What about bad reviews?
“If I have to take good reviews, I gotta take the bad ones, too,” says Langridge.
“It’s kinda none of our business,” adds Daley. “Everybody’s allowed an opinion. Everybody keeps talking.”
But they do check out tags on Twitter and Instagram, and often reply to messages.
“What’s nice about social media is that no one will tag you and say, you are horrible!” Langridge says, laughing.
After performing, Daley says she chills by watching shows on Netflix, while Walsh drinks a glass of wine before bed. It has to be “something happy,” explains Du Leslay, because “Les Mis” is such an intense drama that the girls often get dark moods and “character hangover.”
“I cry every night when Eponine dies,” Daley says. “Even when I’m not too emotional that night, and I’m determined not to cry, I cry. I cried last night.”

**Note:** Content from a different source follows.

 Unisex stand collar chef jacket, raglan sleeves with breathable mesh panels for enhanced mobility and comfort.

Hull said she cried for hours after her first full run-through.
“For us newbies, it was really intense. We were crying for hours and we’d stop, and cry again. It’s very therapeutic when you’re having a bad day. You’re in the barricade, so OK, cry!” she says, laughing. “And if you’re having good day, I’m like, yeah! I’m having such a good day I’m gonna cry happy tears.”

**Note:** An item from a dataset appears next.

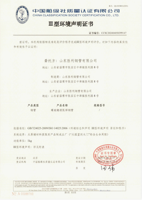 ? 2024年6月份,公司進行了螺旋縫埋弧焊接鋼管和防腐鋼管的碳足跡、Ⅲ型環(huán)境聲明評價工作。本次評價系統(tǒng)邊界均是 “從搖籃到大門”的全生命周期評價,即從原輔材料獲取到產品制成出廠全流程,6月中旬公司取得了碳足跡評價及環(huán)境聲明證書。本次評價更清晰的界定了公司產品生產過程中各個環(huán)節(jié)的碳足跡數據,在排除原材料因素帶來的影響外,公司需結合相應數據,探索進一步節(jié)能減排的可行性,同時本次評價為后續(xù)公司參與重要管線投標提供了有力的數據支撐。

Greenland chimes in: “I’m in the ensemble at the start of the show. When I prepare to be Eponine, I always find myself sitting alone in a dark little corner backstage.”
“When Jean Valjean is dying, I get so emotional,” Walsh adds.

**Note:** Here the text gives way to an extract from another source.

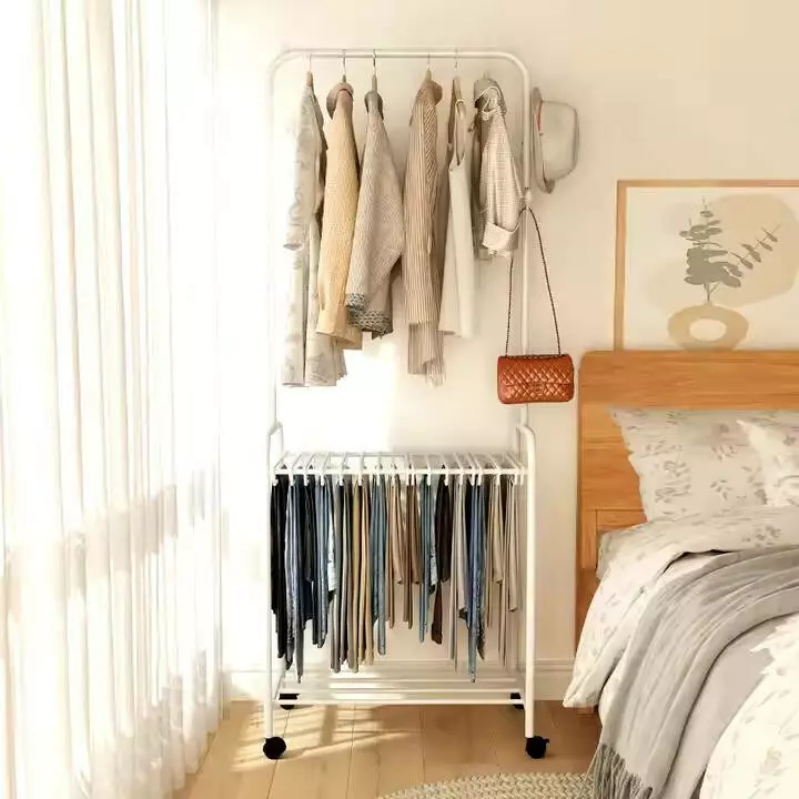 Этот стеллаж-вешалка предназначен для удобного хранения одежды,

During these depressing snippets between scenes, Greenland says going backstage is a relief: “After the barricade scene, you’d find smiling faces backstage, someone from the dresses or wigs department. And I’m reminded that we’re here with friends.”
But what if it’s someone from the audience who cries audibly, or sings out loud?
It happens, says Greenland. “In the Australian tour, we were singing the final song in the epilogue, and there was a lady who was singing ahead of us! We were laughing, people are so involved.”
“In a preview, Eponine was dying and it was a very quiet moment. I heard someone crying so loudly. It’s OK, but there’s a part of you that says, ‘stop doing that!’” Langridge says, laughing.
Winning the barricade
These actresses are major “Les Misérables” fans, but if they could change one thing about the story, what would it be?
Greenland raises her hand: “I’m not gonna die! I really want Eponine not to die. And for Cosette and Eponine to be friends.”
“I think Madame Thénardier should leave her husband and run off with Jean Valjean,” says Walsh, sipping her tea.
“I’ve always felt that if Fantine didn’t die, she’ll end up with Jean Valjean,” says Daley.
“They win the barricade,” adds Langridge.
Now let’s talk about the one thing they hate about the show.
Langridge says as Cosette, she finds being detached from the rest of the cast difficult: “Once I’m done with the ensemble part at that start, I can’t speak to anyone except Marius and Jean Valjean. I’d love to be in the barricade and be involved, but I am secluded. I just hang out in the swing.”
As a mean factory girl, Daley says, “I find it hard to be nasty to Rachelle Ann Go, because she’s very beautiful and she’s a lovely person. It breaks my heart a little bit. Afterwards, I’d go, ‘OMG, is she OK?’”
For Greenland, it’s not really being friendzoned as Eponine—it’s the dirt. “It’s like putting thick eyeliner on your body. It’s so difficult to get off! I’ve bruised myself.”
The cast wears very little makeup, but they have to smudge on long-wearing dirt, a necessary 19th-century Paris prop.
“You put it on, play your character as a dirty, grungy beggar, and you come home and it’s still with you,” explains Daley. “You have to scrub it with moisturizer.”
Walsh adds: “With Madame Thénardier, the uglier the better. I have to be the ugliest I can possibly be, then add more dirt.”
But not everyone hates the dirt.
“I think I have to get back to you,” says Hull. “I haven’t been in it long enough to hate anything yet. I love the dirt!”